There are two limitations of the majority of papers on scheduling problems with variable processing times. First, results presented there are mainly related to scheduling on one machine (see, e.g., Wang et al. [4], Huang and Wang [5], Debczynski and Gawiejnowicz [6], Debczynski [7], Wang and Wang [8, 9]) or on parallel machines, but with empty precedence constraints among jobs (see, e.g., Mosheiov and Sidney [10], Mosheiov [11], Huang and Wang [12]). The second limitation is that most of the results related to scheduling problems with variable job processing times concern particular cases, not general ones. Recent examples of general results of this kind, concerning so-called isomorphic scheduling problems, are presented in the paper by Gawiejnowicz and Kononov [13].

In this paper, we consider a group of parallel-machine problems of non-preemptive scheduling of precedence constrained jobs with variable processing times that depend on their positions in a schedule. Based on some transformations between schedules with fixed job processing times and schedules with position-dependent job processing times, we show how to solve some of considered problems in polynomial time.

Remaining sections of the paper are organized as follows. In Sect. 2, we present some definitions and results related to a few new classes of schedules and transformations between them. In Sect. 3, we prove our main results based on properties of mentioned transformations. In Sect. 4, we consider a special case of the parallel-machine scheduling problem with position-dependent jobs and show that it is polynomially-solvable. In Sect. 5, we give conclusions and indicate the directions of further research.

2 Preliminaries

The problems analysed in this paper can be formulated as follows. We are given a number of parallel identical machines and n non-preemptable jobs with some precedence constraints. The processing time of each job is variable and depends on the position r of the job in a schedule. This dependency is described by a positive and non-increasing function \(\phi \) of argument r. In other words, the processing time of the j-th job in position r is equal to \(p_{j,r} = \phi (r)\), where \(1 \le r, j \le n\). The aim is to find a schedule with minimal maximum completion time or minimal total weighted completion time.
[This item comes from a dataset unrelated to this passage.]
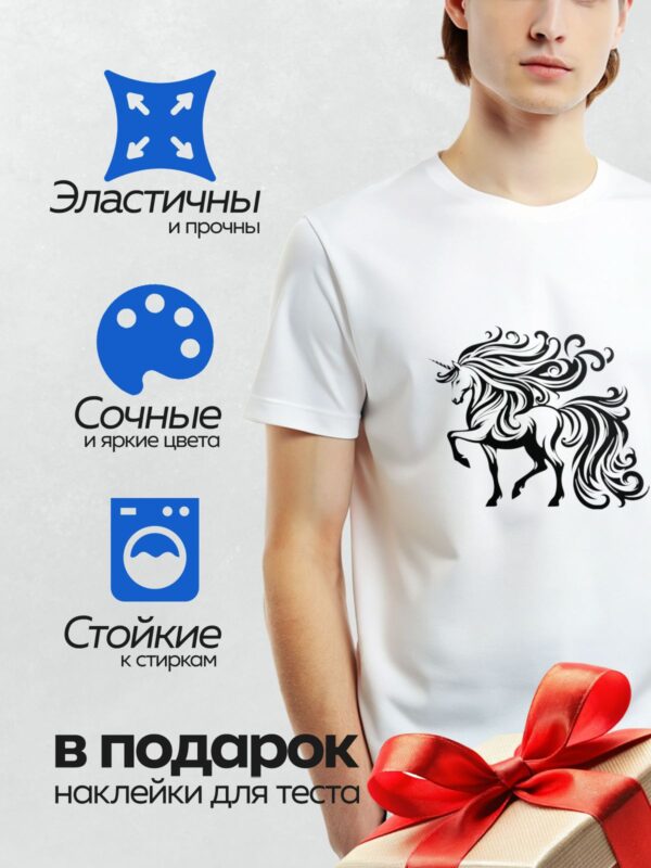 Термонаклейка на одежду DTF / Стилизованный единорог с длинной гривой и хвостом.

Using the commonly known scheduling notation (for a brief description see Gawiejnowicz [1]), we will denote these problems as P|\(\text {prec}, p_{j,r} = \phi (r)\)|f, where \(f \in \left\{ C_{\mathrm{max}}{}{}, \sum w_{i}C_{i}{}{} \right\} \).
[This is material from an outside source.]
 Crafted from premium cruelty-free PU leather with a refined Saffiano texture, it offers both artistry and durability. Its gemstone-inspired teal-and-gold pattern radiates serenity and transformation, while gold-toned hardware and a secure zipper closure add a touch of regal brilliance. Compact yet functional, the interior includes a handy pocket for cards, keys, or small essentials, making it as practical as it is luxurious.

One of special cases of these problems, when \(\phi (r) = 1\), is the P|\(\text {prec}, p_{j,r} = 1\)|f problem of scheduling jobs with unit processing times. Therefore, a natural question is whether some known algorithms for the latter problem can be applied to its counterpart with job processing times described by the \(\phi \) function. We give an answer to this question applying a transformation of schedules with fixed job processing times into schedules with position-dependent job processing times, and specify certain conditions under which the P|\(\text {prec}, p_{j,r} = \phi (r)\)|f problem can be solved by appropriately modified algorithms for unit job processing times.
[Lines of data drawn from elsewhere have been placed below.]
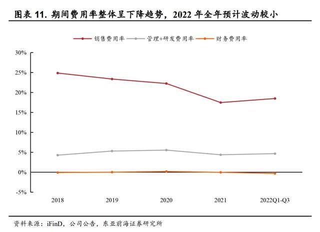 期间费用率近年来有下降趋势,费控管理水平进一步提升,2022 年全年费用率水平有望维持平稳。
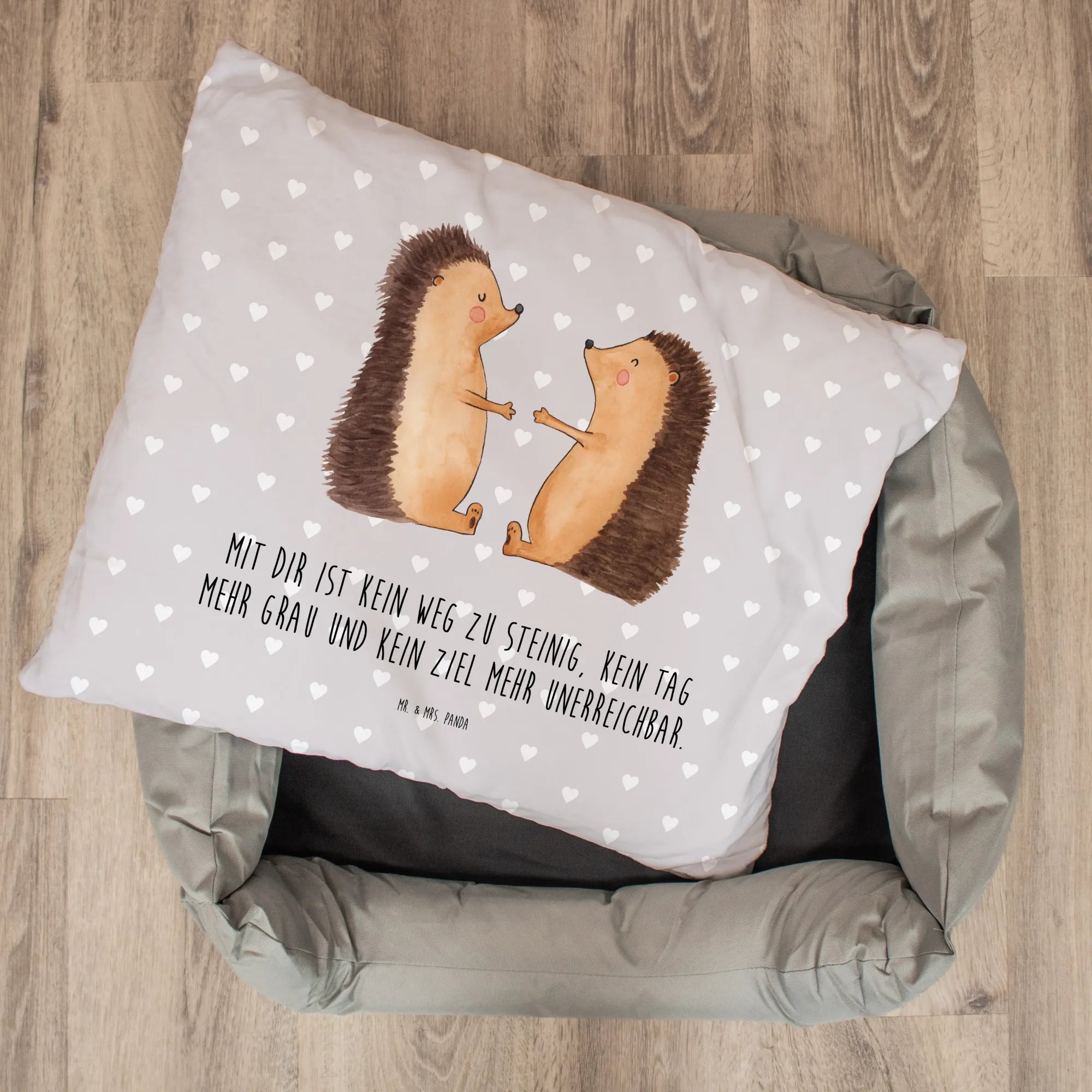 Das Katzenbett Igel Liebe aus der Kollektion Liebe von Mr. & Mrs. Panda ist die perfekte Wahl für deinen kleinen Liebling. Mit einem charmanten Motiv von verliebten Igeln, die sich zärtlich gegenüberstehen, verkörpert dieses Katzenbett nicht nur Stil, sondern auch das Gefühl von Geborgenheit und Zuneigung. Der Slogan "Mit dir ist kein Weg zu steinig, kein Tag mehr grau und kein Ziel mehr unerreichbar" unterstreicht die Botschaft dieser liebevollen Kollektion.
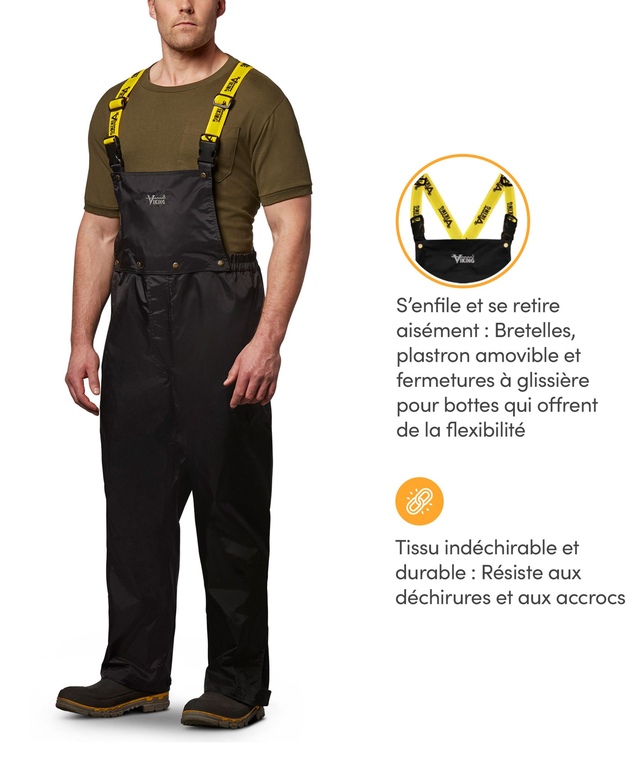 FACILE À ENFILER, COUPE CONFORTABLE: Bretelles élastiques robustes. Bavette amovible. Fermeture à glissière pour accéder aisément aux bottes

Let T be a non-preemptive schedule of n jobs and let \(J_i \in \left\{ J_1, J_2, \ldots , J_n \right\} \). The starting time and the completion time of job \(J_i\) will be denoted by \(S_i(T)\) and \(C_i(T)\), respectively. The value of the objective function of T will be denoted by \(C_{\mathrm{max}}{}(T) = \max \left\{ C_i(T) :i\in \left\{ 1, 2, \ldots , n\right\} \right\} \) or \(\sum w_iC_i(T) = \sum _{i=1}^n w_iC_i(T)\). If it does not lead to misunderstanding, the argument determining the schedule will be omitted.

Let \(\phi :\mathbb {N}_+ \rightarrow \mathbb {Q}_+\) be any discrete function satisfying the condition \(\phi (r) > 0\) for every \(r \in \mathbb {N}_+\), where \(\mathbb {N}_+=\mathbb {N}{\setminus } \{0\}\). Moreover, let \(\Phi \) be a function defined as \(\Phi (k) = \sum _{i=1}^{k} \phi (i)\), where \(k \in \mathbb {N}\). Notice that \(\Phi (0)=0\) and that the \(\Phi \) function is a bijection between its domain and image.

A schedule of n jobs will be called a natural schedule if it satisfies the following two conditions:

  1. (1)

    there exists \(i \in \left\{ 1, 2, \ldots , n\right\} \) such that \(S_i = 0\),

  2. (2)

    for every \(i \in \left\{ 1, 2, \ldots , n\right\} \) we have \(S_i \in \mathbb {N}\) and \(C_i \in \mathbb {N}_+\).

The immediate observation is that for any natural schedule T we have \(C_{\mathrm{max}}{}(T) \in \mathbb {N}\) and \(\sum C_{i}{}(T) \in \mathbb {N}\). A natural schedule of jobs with unit processing times will be called a simple schedule. Notice that in a simple schedule we have \(C_i = S_i + 1\) for every \(i \in \left\{ 1, 2, \ldots , n\right\} \).

A schedule of n jobs will be called a \(\phi \) -natural schedule if it satisfies (1) and

  1. (3)

    for every \(i \in \left\{ 1, 2, \ldots , n\right\} \) there exists some \(k \in \mathbb {N}\) such that \(S_i = \Phi (k)\) and \(C_i = \Phi (l)\) for some natural \(l > k\).

If every job started in a given \(\phi \)-natural schedule at time \(\Phi (k)\) is completed at time \(\Phi (k+1)\), then the schedule will be called a \(\phi \) -simple schedule. Notice that every simple schedule is a natural schedule, and every \(\phi \)-simple schedule is a \(\phi \)-natural schedule. Moreover, if \(\phi (r)=1\), then every \(\phi \)-natural schedule is a natural schedule. Similarly, every \(\phi \)-simple schedule is a simple schedule.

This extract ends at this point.